People on Facebook excited me when they’d grin and hold signs showing how long they had been seizure-free. They inspired me to muster the courage to share my own milestone when I turned 60. Last Christmas, wearing my ugly Christmas sweater, I proudly displayed a sign that read, “20 months SEIZURE-FREE!”
Regaining independence
Driving felt increasingly achievable. Last November, my wife bought a Tesla. She expressed her fascination with its automation by commenting, “You’d probably even be able to drive it nearby for errands if you reach your doctor’s limit.” Two months later, she clarified that I’d misunderstood her. She wasn’t going to let me drive her car.
I never lost my driver’s license in 1991. Late at night, without any alcohol involved, the cop and other drivers assumed I’d fallen asleep at the wheel. My wits recovered enough that I let them believe it. Without a job or the money to repair my car, I grounded myself. When I moved to Atlanta, I transferred my license and always renewed it, which meant I didn’t need to pass a test when I reached my two-year milestone.
A friend suggested that driving lessons might persuade my wife. Considering my age and increasing cognitive impairments, it seemed like a reasonable idea. Besides six hours of practice in the car, I also completed a daylong virtual defensive driving class.
It worked. My wife, who doesn’t share my faith, had never failed to drive me to worship and pick me up two hours later, sacrificing an hour of her rest time purely for my satisfaction. The night I passed the class, she asked, “Think you can drive yourself to church Sunday?”
I wasn’t going to refuse—like a kid in a candy store! It’s a 4-mile suburban trek, mostly on a 4-lane street. First, I wanted to get a feel for the car. On Saturday evening, when traffic was light, I took it out. I started around our quiet neighborhood before venturing onto the nearby highway. I was ready.

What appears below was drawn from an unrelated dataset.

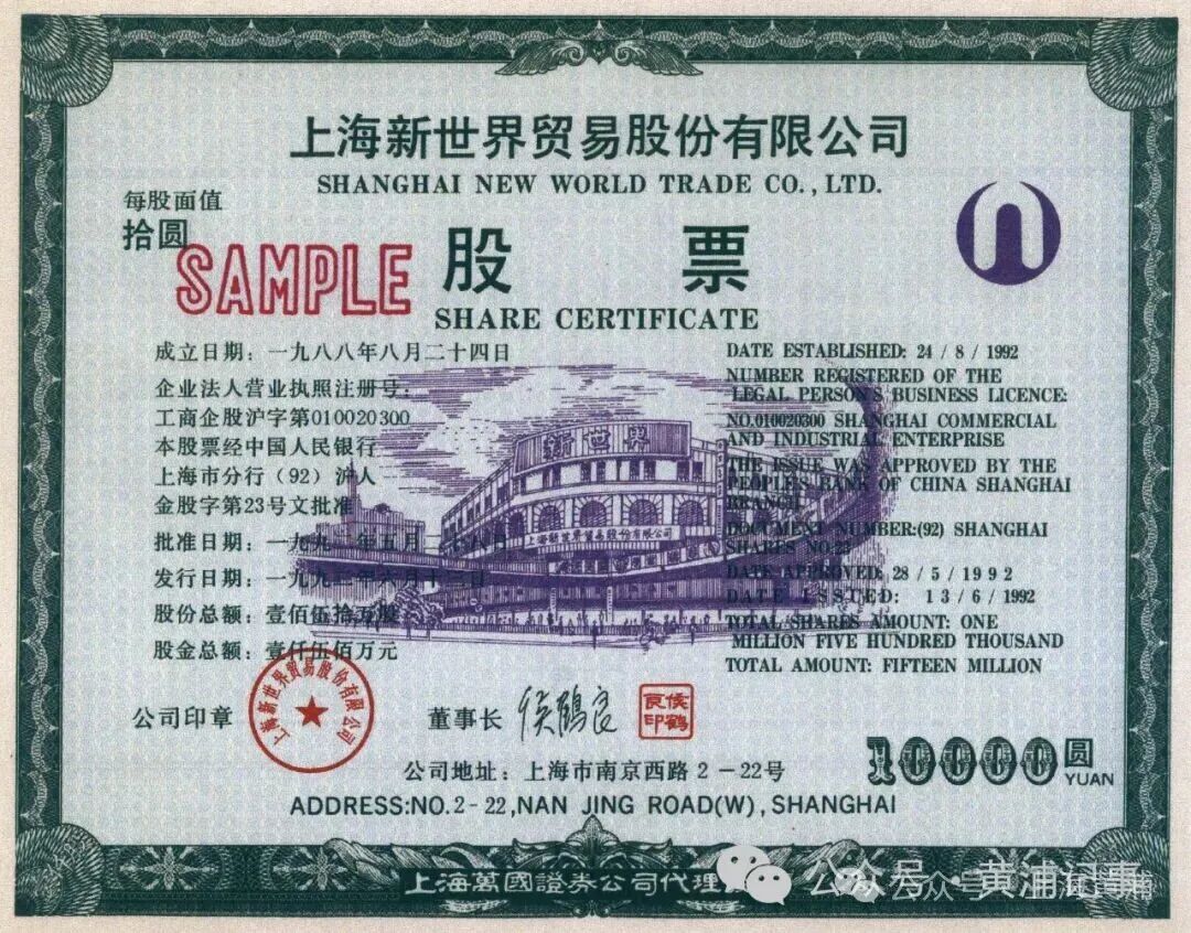 新世界股票样张(来源:新世界股份)
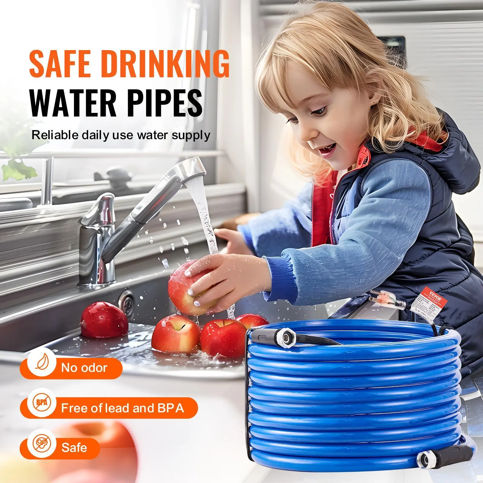 5. VEVOR 75ft Heated Water Hose for RV, Heated Drinking Water Hose Antifreeze to -45°F, Automatic Self-regulating, 5/8" I.D. with 3/4" GHT Adapter, Lead and BPA Free

When I entered the church, I told the pastor what I had just accomplished. She asked if she could announce it to the congregation, “because we’ve always been praying for your epilepsy.” I agreed and was smothered with hugs and handshakes afterward.
Atlanta is infamous for its terrible driving conditions, so it’ll be a long time before I take longer trips across the city. However, running errands nearby feels liberating. It’s a loving gift from my wife, first for chauffeuring me all those years, and now for her patience and confidence in letting me drive. Autonomous cars truly are a godsend for those of us with invisible disabilities.